**DATA SECTION:**
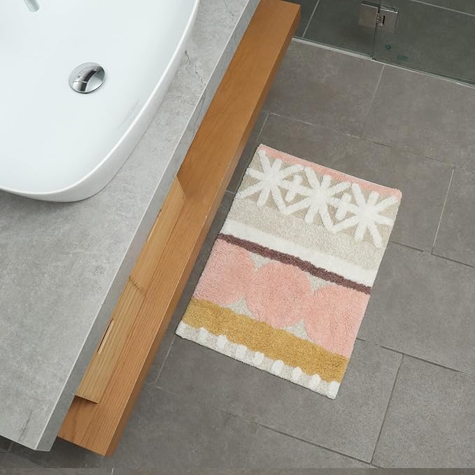metoa メトア バスマット ムオト MUOTO コットン100% 45 60cm [玄関マット インテリアマット 足拭きマット 滑り止め付 風水 おしゃれ シンプル 洗える ウォッシャブル] (ベージュ)
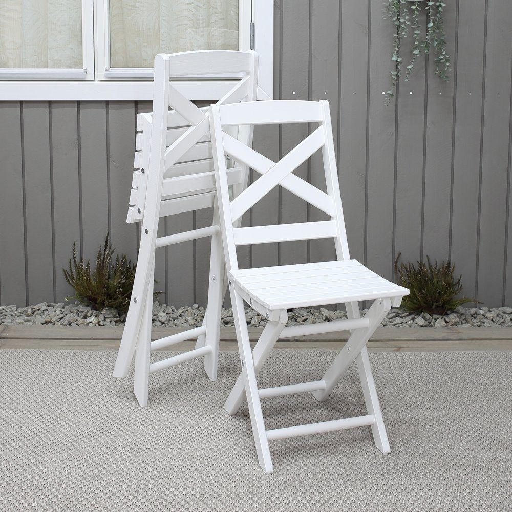 Wilma är en klappstol i vitmålad furu, klassiskt utförande. Hopfällbar så den praktiskt kan förvaras undan då den inte används.
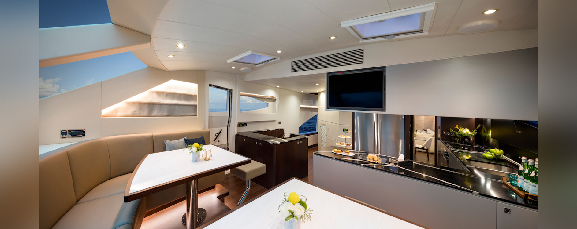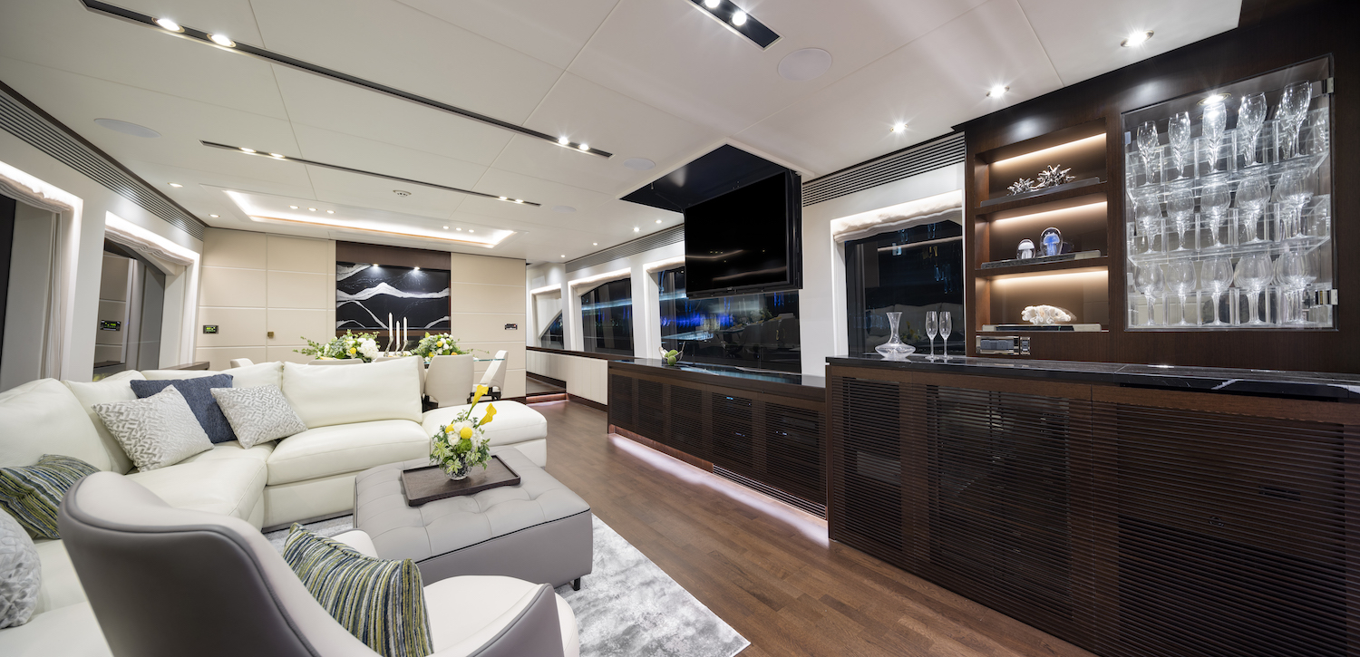 On the main deck the forward section hosts the fully-equipped galley with the forward seating beneath the windows curving around two elevated tables. Aft of the galley is the formal dining area which seats up to eight guests in elegant modern surroundings, and the aft area of the open-plan space is fitted with cabinetry to starboard which holds crystal glasses, while a widescreen TV drops down from the ceiling.
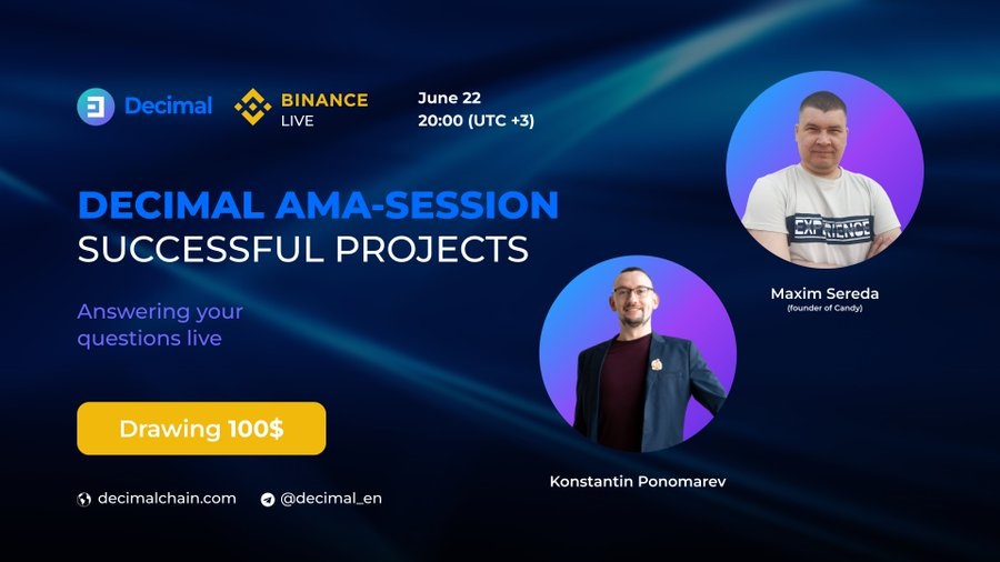 Decimal will have an AMA on Binance Live on the 22nd of June
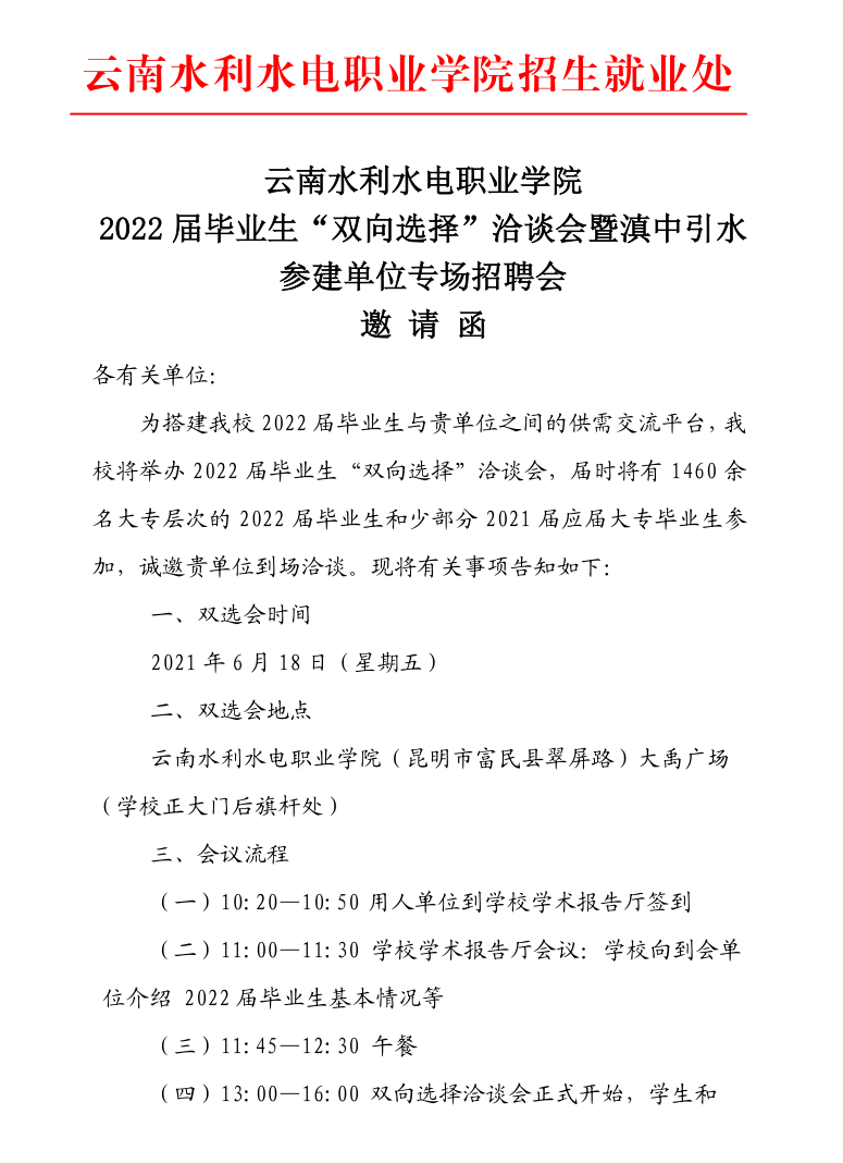 云南水利水電職業(yè)學(xué)院2022屆畢業(yè)生“雙向選擇”洽談會

**TASK TO CARRY OUT:** Starting with the line that contains "On the main", print every line through the end of the data exactly as written; omit all pictures and add nothing else.

**OUTPUT OF THE TASK:**
 On the main deck the forward section hosts the fully-equipped galley with the forward seating beneath the windows curving around two elevated tables. Aft of the galley is the formal dining area which seats up to eight guests in elegant modern surroundings, and the aft area of the open-plan space is fitted with cabinetry to starboard which holds crystal glasses, while a widescreen TV drops down from the ceiling.
 Decimal will have an AMA on Binance Live on the 22nd of June
 云南水利水電職業(yè)學(xué)院2022屆畢業(yè)生“雙向選擇”洽談會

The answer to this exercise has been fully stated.